Tunes for a Monday Morning
I'm thinking about deer on this brisk autumn morning -- but the stags and hinds of the folk tradition tend to be hunted and haunted, and their stories rarely end well (for the deer). Chased by keepers and kings, they run to the dark of the forest, and leap into the heart of enchantment. Following their trail is never a safe proposition, as folk and fairy tales tell us over and over. The trail leads to death, or a life transformation, and we never know which it will be.
Above: "Abbots Bromley Horn Dance" by Stick in the Wheel. This folk dance is performed each year in Staffordshire, and dates back at least to the Middle Ages, with older pagan roots. The precise meaning of the original dance can only be speculated, but it may have been a form of sympathetic magic to bring about a successful hunt, honouring the deer and the hunters alike. The video animation above is by Teresa Elizabeth Lobos, with archival footage from the village of Abbots Bromley.
Below: "Johnny O' Bredislee" (Child Ballad #114) performed by the great English folksinger June Tabor. This sad tale of a young man poaching the king's wild deer comes can be found on June's eleventh album, Aleyn (1997).
Above: "The Famous Flower of Serving Men" (Child Ballad #106 ) performed by Martin Carthy, another of the great musicians behind the revival of British folk music in the 20th century. The song originally appeared on Carthy's album Shearwater (1972) -- and inspired Delia Sherman's novel Through a Brazen Mirror, and a portion of Ellen Kushner's Thomas the Rhymer.
Below: "Geordie" (Child Ballad #209) performed by Silly Sisters (Maddy Prior and June Tabor) on their self-titled debut album (1976). It's the story of a man caught poaching in the king's greenwood and a woman determined to save him from hanging.
Above: "King Henry" (Child Ballad #32) performed by The Furrow Collective (Lucy Farrell, Rachel Newton, Emily Portman, and Alasdair Roberts) -- a ghostly story that starts with a deer hunt, proceeds to the after-hunt feast, and then gets progressively stranger.

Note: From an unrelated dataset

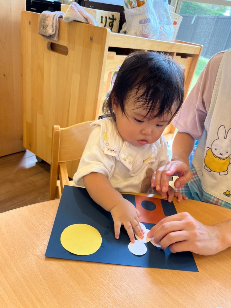 のりを使ってお団子、お月様、たぬきやうさぎ…
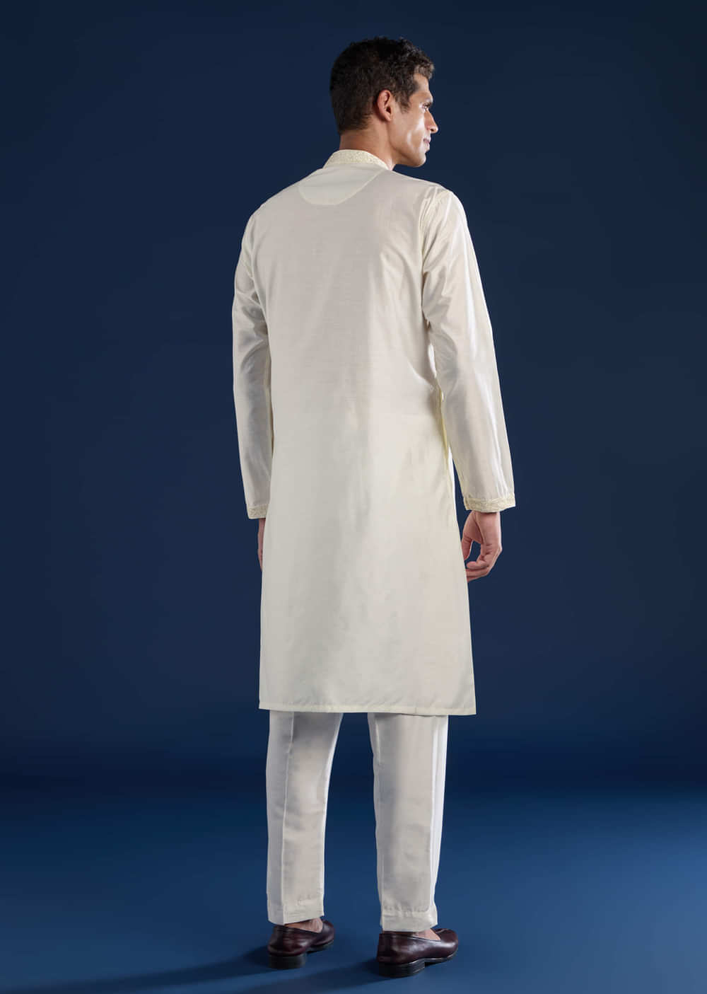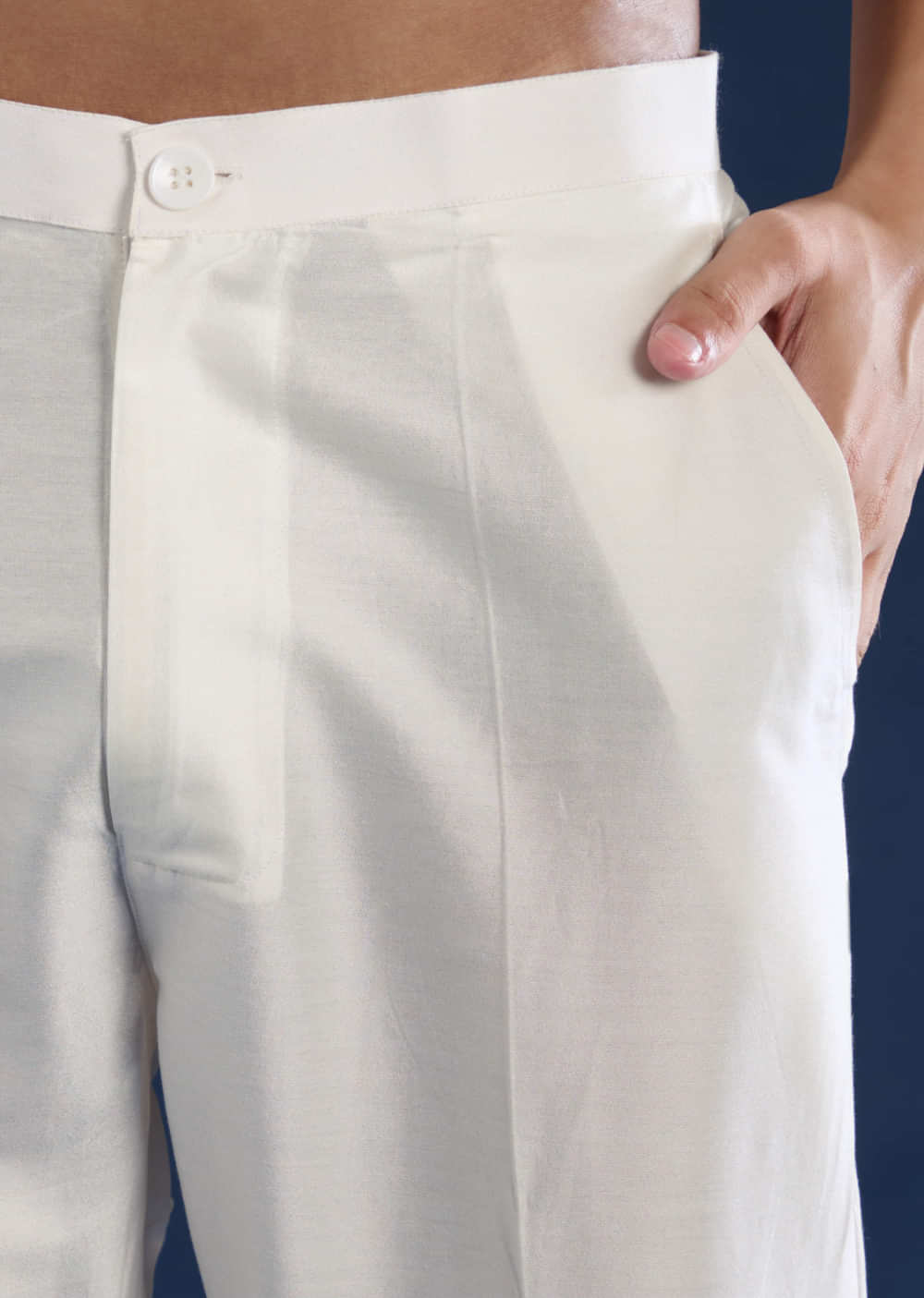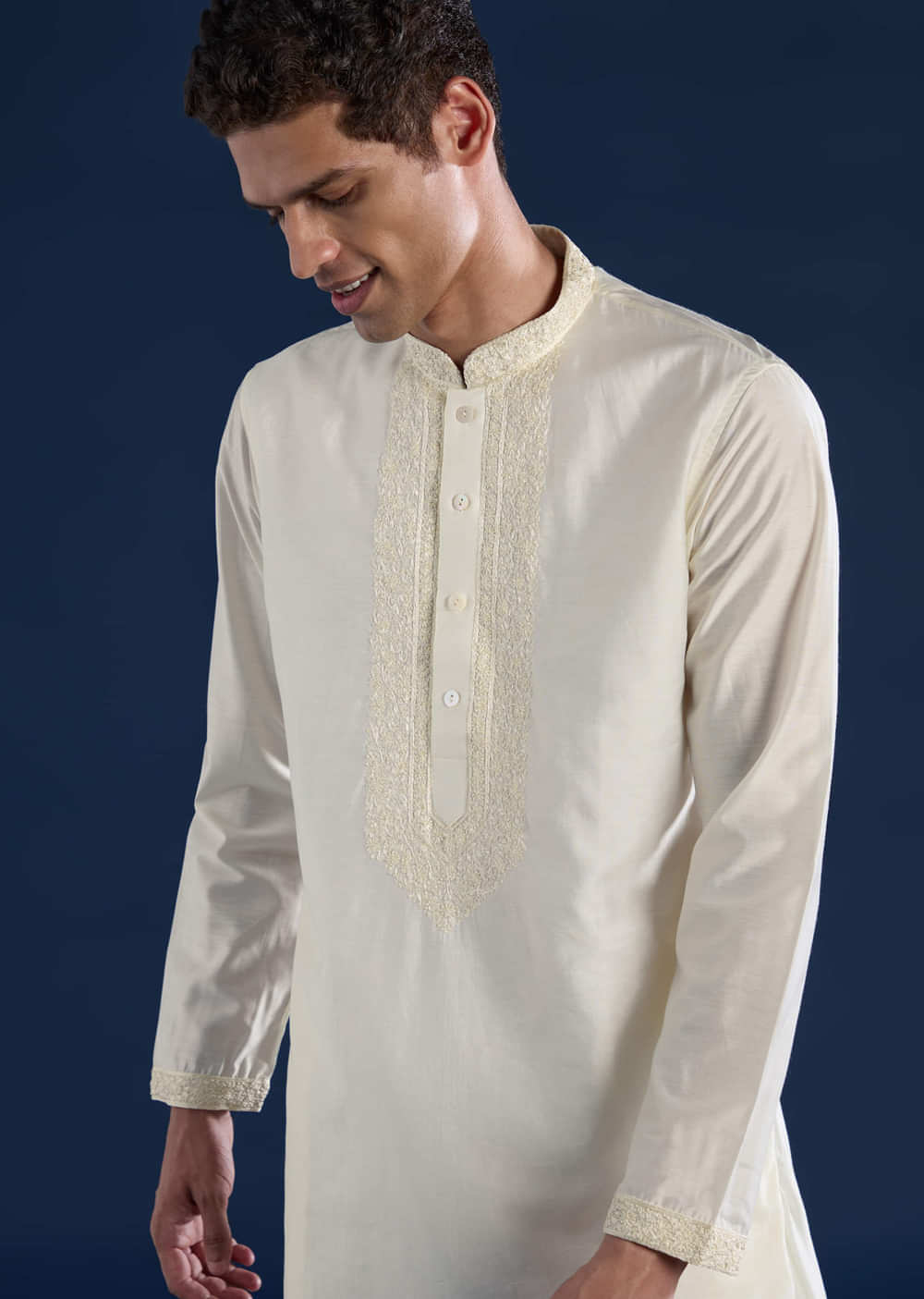 Off White Chanderi Kashmiri Work Mens Kurta and Pant Set

Martin Carthy, who also sings the ballad, once referred to it as "Beauty and the Beast reversed, originating in the Gawain strand of the Arthurian legend. The King Henry in the ballad probable never existed, since the point of the tale is that chivalry has its own rewards."
Below: "Sheaf and Knife" (Child Ballad #16) performed by Eliza Carthy (Martin Carthy's daughter, of the Carthy-Waterson folk music clan). This tale of incest and murder is dark even by Child Ballad standards, which is dark indeed. Carthy's wonderful version appeared on her album Heat Light & Sound (1996).
Above: "The Keeper," a traditional English folk song ostensibly about hunting the doe, but with obvious sexual connotations -- performed here by Sam Kelly and the Lost Boys, from their album Pretty Peggy (2017).
Below: "The Death of the Hart Royal" performed by Faustus (Paul Sartin, Benji Kirkpatrick, and Saul Rose). This unusual ballad of Robin Hood, Lord of the Greenwood, was found in the archives of Somerset folk song collector Ruth Tongue. The band recorded it for their third album, Death and Other Animals (2017), when they were Artists in Residence at Halsway Manor, the National Folk Arts Centre in Somerset's Quantock Hills.